Work request: Restate the listing below word for word, and leave its pictures behind.

Dataset excerpt:
● ● ●
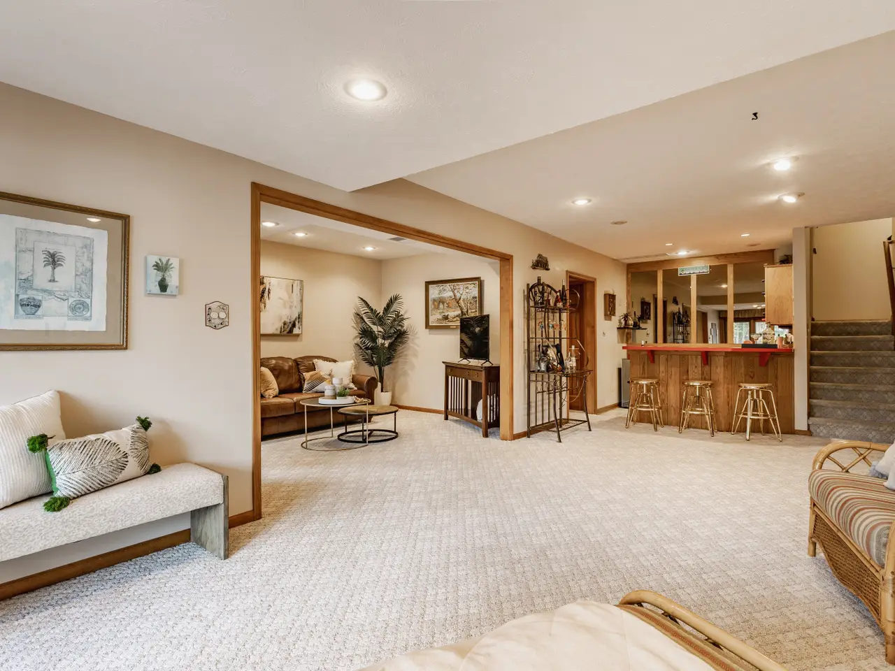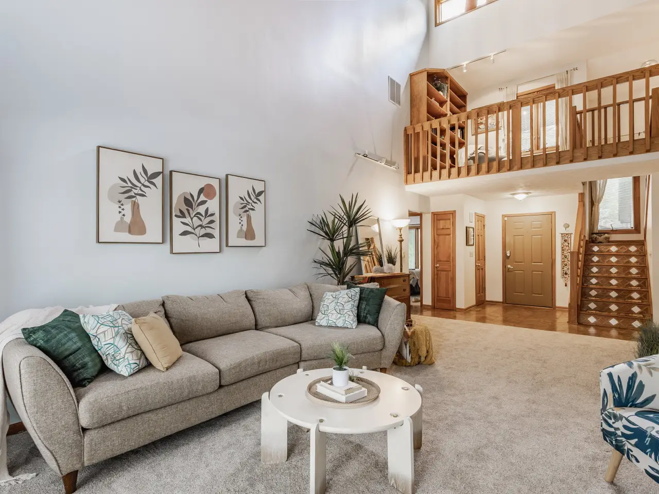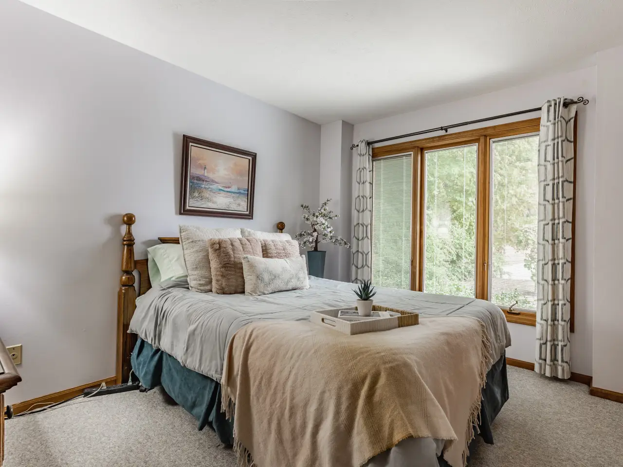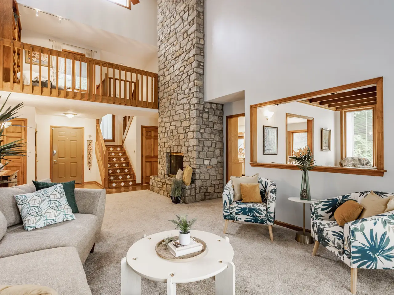Welcome home to lake life at its best- where comfort meets tranquility on the water! Nestled on a quiet cul-de-sac, this beautiful lakefront home offers spacious living and stunning views. The main level features a two-story great room with vaulted ceilings, new carpet, a two-story stone gas fireplace, and access outside to a multi-level deck-perfect for relaxing or entertaining by the water. The kitchen showcases stainless steel appliances, marble countertops, and a charming garden window, flowing seamlessly into the eat-in area and sunroom, where you can enjoy lake views. Two bedrooms are conveniently located on the main level. Upstairs, a cozy loft overlooks the great room-an ideal reading nook or quiet retreat. The primary suite features another cozy fireplace, its own sunroom with automatic skylights, blinds, and screens-perfect for enjoying your morning coffee with a peaceful lake view. Primary also includes an on-suite bathroom with an oversized marble tub and shower with dual showerheads. The cedar-lined closet includes a hidden door for extra storage. The walk-out basement opens to a beautiful deck designed for entertaining, complete with a hot tub and relaxing lake views. Inside, you'll find a wet bar, gas fireplace, flex room, and generous storage areas-perfect for both gatherings and quiet evenings in. Step outside to enjoy your private boat dock with canopy and one lift, ideal for effortless lakeside living. Recent updates include a new roof and new AC unit, both completed in 2023.
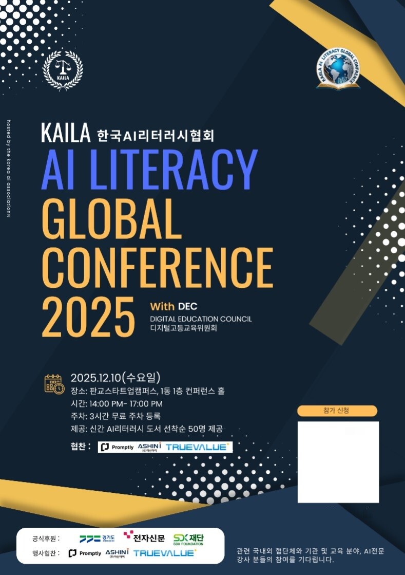 KAILA 한국AI리터러시협회는 지난 10일 판교스타트업캠퍼스에서 ‘KAILA AI 리터러시 글로벌 컨퍼런스 2025’를 성황리에 개최했다고 11일 밝혔다.
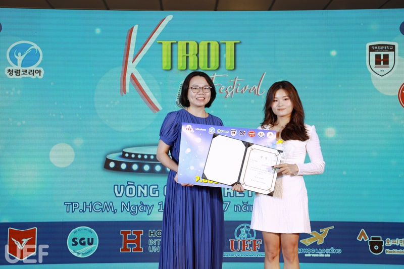 Nằm trong chuỗi hoạt động hướng đến chào mừng kỷ niệm 30 năm ngày thiết lập quan hệ ngoại giao Việt Nam - Hàn Quốc, đêm Chung kết cuộc thi K-Trot Festival 2022 đã diễn ra tại Nhà UEF chiều ngày 16/7. Các thí sinh đến từ 2 quốc gia đã có những giây phút thăng hoa cùng lời ca, nhạc cụ trên sân khấu.
● ● ●
The answer:
Welcome home to lake life at its best- where comfort meets tranquility on the water! Nestled on a quiet cul-de-sac, this beautiful lakefront home offers spacious living and stunning views. The main level features a two-story great room with vaulted ceilings, new carpet, a two-story stone gas fireplace, and access outside to a multi-level deck-perfect for relaxing or entertaining by the water. The kitchen showcases stainless steel appliances, marble countertops, and a charming garden window, flowing seamlessly into the eat-in area and sunroom, where you can enjoy lake views. Two bedrooms are conveniently located on the main level. Upstairs, a cozy loft overlooks the great room-an ideal reading nook or quiet retreat. The primary suite features another cozy fireplace, its own sunroom with automatic skylights, blinds, and screens-perfect for enjoying your morning coffee with a peaceful lake view. Primary also includes an on-suite bathroom with an oversized marble tub and shower with dual showerheads. The cedar-lined closet includes a hidden door for extra storage. The walk-out basement opens to a beautiful deck designed for entertaining, complete with a hot tub and relaxing lake views. Inside, you'll find a wet bar, gas fireplace, flex room, and generous storage areas-perfect for both gatherings and quiet evenings in. Step outside to enjoy your private boat dock with canopy and one lift, ideal for effortless lakeside living. Recent updates include a new roof and new AC unit, both completed in 2023.
 KAILA 한국AI리터러시협회는 지난 10일 판교스타트업캠퍼스에서 ‘KAILA AI 리터러시 글로벌 컨퍼런스 2025’를 성황리에 개최했다고 11일 밝혔다.
 Nằm trong chuỗi hoạt động hướng đến chào mừng kỷ niệm 30 năm ngày thiết lập quan hệ ngoại giao Việt Nam - Hàn Quốc, đêm Chung kết cuộc thi K-Trot Festival 2022 đã diễn ra tại Nhà UEF chiều ngày 16/7. Các thí sinh đến từ 2 quốc gia đã có những giây phút thăng hoa cùng lời ca, nhạc cụ trên sân khấu.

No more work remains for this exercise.